* [Recorded information]
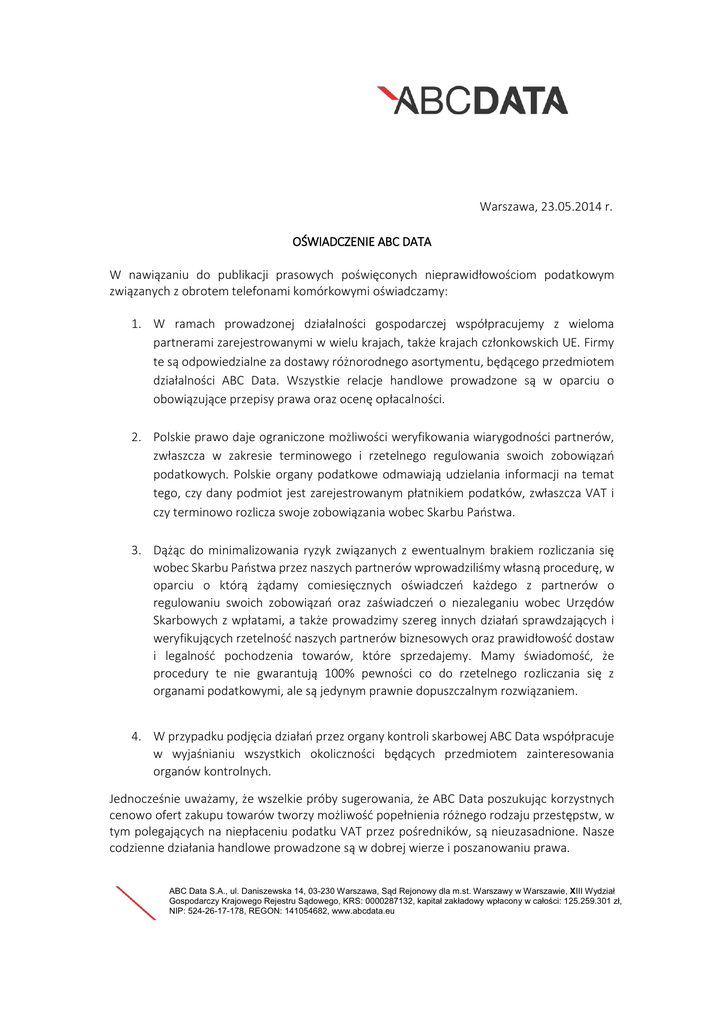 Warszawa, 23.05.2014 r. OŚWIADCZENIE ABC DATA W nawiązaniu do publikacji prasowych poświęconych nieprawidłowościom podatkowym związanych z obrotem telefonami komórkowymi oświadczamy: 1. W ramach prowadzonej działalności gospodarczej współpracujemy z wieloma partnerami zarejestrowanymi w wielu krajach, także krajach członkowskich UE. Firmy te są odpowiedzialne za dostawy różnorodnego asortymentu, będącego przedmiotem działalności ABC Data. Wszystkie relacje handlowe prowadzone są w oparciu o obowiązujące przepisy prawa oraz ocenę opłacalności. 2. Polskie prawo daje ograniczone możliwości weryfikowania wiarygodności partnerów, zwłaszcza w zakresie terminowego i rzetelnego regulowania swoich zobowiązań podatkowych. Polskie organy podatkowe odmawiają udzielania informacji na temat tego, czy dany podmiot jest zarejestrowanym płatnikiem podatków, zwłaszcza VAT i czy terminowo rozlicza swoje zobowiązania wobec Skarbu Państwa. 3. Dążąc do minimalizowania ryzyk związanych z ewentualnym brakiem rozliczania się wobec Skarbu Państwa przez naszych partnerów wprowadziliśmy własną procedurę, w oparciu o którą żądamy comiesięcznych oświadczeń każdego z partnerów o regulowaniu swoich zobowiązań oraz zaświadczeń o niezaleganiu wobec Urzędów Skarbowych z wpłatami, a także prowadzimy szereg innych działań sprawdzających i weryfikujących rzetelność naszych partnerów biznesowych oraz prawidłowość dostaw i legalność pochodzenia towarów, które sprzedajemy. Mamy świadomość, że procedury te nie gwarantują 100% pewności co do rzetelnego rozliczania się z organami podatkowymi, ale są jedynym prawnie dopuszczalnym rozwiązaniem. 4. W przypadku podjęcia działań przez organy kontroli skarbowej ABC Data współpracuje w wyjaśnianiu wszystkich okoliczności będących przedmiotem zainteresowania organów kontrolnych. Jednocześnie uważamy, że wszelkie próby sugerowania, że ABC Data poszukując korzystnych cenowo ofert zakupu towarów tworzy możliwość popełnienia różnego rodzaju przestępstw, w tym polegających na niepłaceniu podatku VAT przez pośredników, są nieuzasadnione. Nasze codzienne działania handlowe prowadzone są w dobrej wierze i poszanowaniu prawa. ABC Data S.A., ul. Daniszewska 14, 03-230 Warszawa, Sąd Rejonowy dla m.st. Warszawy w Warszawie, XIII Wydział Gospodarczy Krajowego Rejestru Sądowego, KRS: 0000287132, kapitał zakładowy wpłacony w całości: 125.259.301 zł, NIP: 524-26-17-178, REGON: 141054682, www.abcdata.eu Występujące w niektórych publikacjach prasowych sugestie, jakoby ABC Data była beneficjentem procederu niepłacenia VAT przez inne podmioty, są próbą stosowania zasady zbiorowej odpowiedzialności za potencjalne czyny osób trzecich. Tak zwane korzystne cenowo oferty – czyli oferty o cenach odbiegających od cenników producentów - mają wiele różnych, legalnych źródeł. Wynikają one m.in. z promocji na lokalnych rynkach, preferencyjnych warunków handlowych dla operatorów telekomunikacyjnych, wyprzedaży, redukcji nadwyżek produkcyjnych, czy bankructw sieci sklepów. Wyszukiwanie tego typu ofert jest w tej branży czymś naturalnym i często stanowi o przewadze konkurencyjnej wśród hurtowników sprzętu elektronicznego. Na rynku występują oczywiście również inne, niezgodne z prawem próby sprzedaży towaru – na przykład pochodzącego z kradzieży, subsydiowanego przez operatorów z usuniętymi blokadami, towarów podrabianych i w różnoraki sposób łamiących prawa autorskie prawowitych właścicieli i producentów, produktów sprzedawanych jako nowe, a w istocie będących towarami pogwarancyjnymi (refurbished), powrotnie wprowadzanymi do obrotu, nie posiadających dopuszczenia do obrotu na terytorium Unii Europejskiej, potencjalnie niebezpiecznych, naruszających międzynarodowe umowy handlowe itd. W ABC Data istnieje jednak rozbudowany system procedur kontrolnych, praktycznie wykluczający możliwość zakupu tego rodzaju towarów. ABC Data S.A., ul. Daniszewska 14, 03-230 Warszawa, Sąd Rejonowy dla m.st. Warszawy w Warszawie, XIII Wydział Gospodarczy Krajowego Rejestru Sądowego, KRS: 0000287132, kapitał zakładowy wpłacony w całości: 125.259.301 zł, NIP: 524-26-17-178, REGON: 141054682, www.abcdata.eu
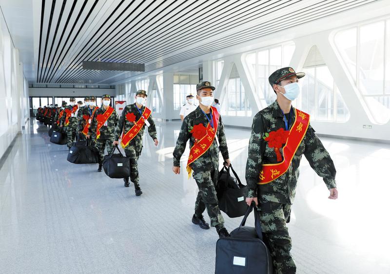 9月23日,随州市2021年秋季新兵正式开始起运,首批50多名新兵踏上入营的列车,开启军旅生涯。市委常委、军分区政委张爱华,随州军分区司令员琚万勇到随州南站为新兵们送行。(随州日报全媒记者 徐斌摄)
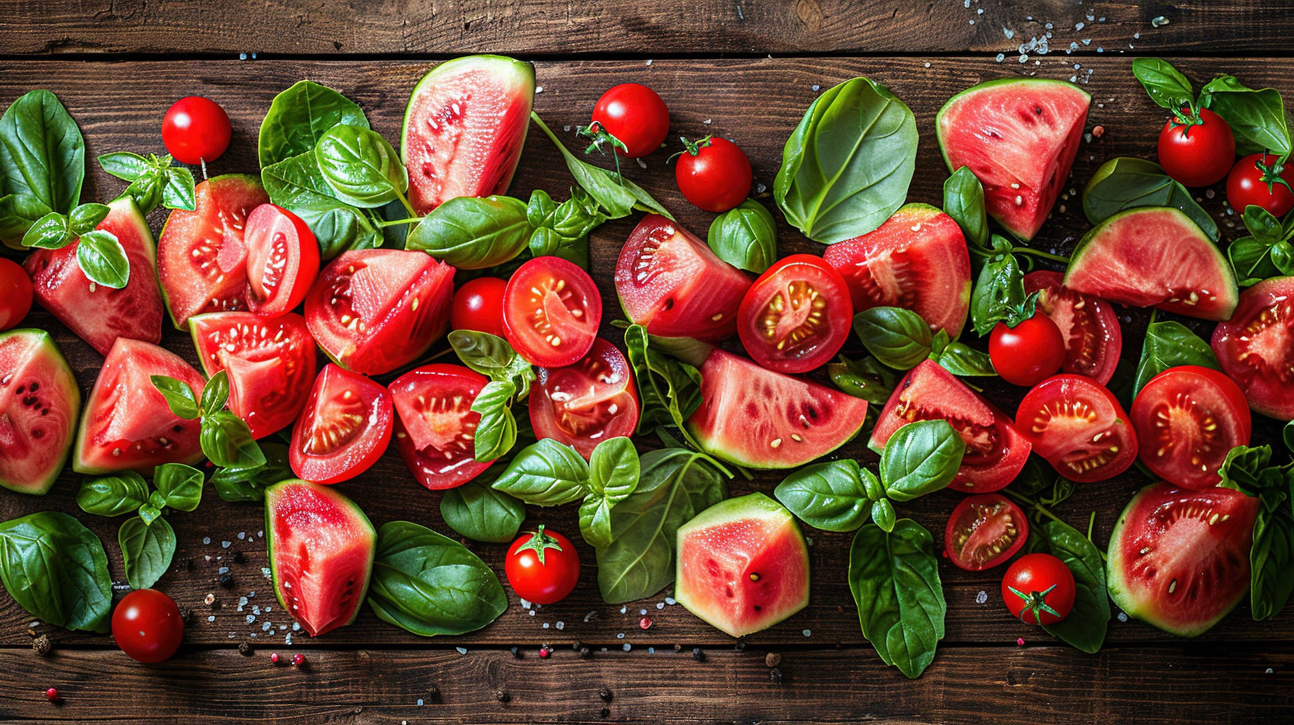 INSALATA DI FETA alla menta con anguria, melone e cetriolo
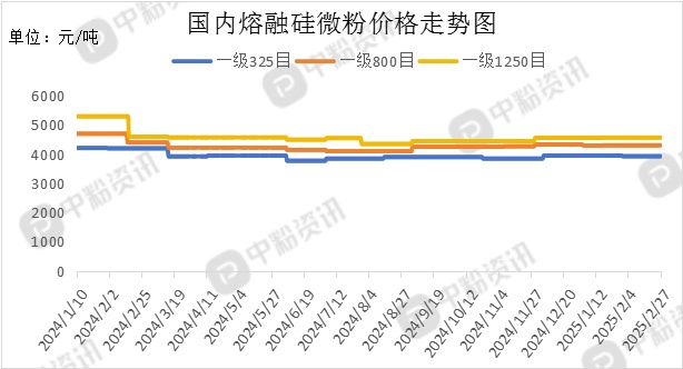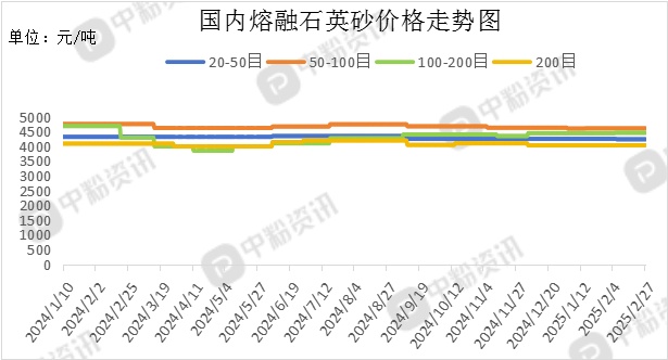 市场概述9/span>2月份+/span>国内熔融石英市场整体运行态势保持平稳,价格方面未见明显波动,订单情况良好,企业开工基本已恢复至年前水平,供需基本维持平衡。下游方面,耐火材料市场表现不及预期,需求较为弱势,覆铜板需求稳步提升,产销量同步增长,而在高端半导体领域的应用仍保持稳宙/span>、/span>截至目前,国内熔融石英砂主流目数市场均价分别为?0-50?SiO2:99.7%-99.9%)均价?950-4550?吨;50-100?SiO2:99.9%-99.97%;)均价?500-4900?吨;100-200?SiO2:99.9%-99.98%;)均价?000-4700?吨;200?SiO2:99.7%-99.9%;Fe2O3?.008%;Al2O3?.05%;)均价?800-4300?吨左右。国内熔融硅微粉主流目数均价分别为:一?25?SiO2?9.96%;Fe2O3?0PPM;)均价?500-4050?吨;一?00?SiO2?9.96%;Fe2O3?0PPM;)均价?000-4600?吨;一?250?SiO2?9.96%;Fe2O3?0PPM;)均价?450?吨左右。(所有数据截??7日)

* [Task requirements]
Beginning with the line that contains "9月23日,随州市2021年" and ending with the final line of the material, reproduce those lines exactly and nothing else. Omit the pictures.

* [Solution]
 9月23日,随州市2021年秋季新兵正式开始起运,首批50多名新兵踏上入营的列车,开启军旅生涯。市委常委、军分区政委张爱华,随州军分区司令员琚万勇到随州南站为新兵们送行。(随州日报全媒记者 徐斌摄)
 INSALATA DI FETA alla menta con anguria, melone e cetriolo
 市场概述9/span>2月份+/span>国内熔融石英市场整体运行态势保持平稳,价格方面未见明显波动,订单情况良好,企业开工基本已恢复至年前水平,供需基本维持平衡。下游方面,耐火材料市场表现不及预期,需求较为弱势,覆铜板需求稳步提升,产销量同步增长,而在高端半导体领域的应用仍保持稳宙/span>、/span>截至目前,国内熔融石英砂主流目数市场均价分别为?0-50?SiO2:99.7%-99.9%)均价?950-4550?吨;50-100?SiO2:99.9%-99.97%;)均价?500-4900?吨;100-200?SiO2:99.9%-99.98%;)均价?000-4700?吨;200?SiO2:99.7%-99.9%;Fe2O3?.008%;Al2O3?.05%;)均价?800-4300?吨左右。国内熔融硅微粉主流目数均价分别为:一?25?SiO2?9.96%;Fe2O3?0PPM;)均价?500-4050?吨;一?00?SiO2?9.96%;Fe2O3?0PPM;)均价?000-4600?吨;一?250?SiO2?9.96%;Fe2O3?0PPM;)均价?450?吨左右。(所有数据截??7日)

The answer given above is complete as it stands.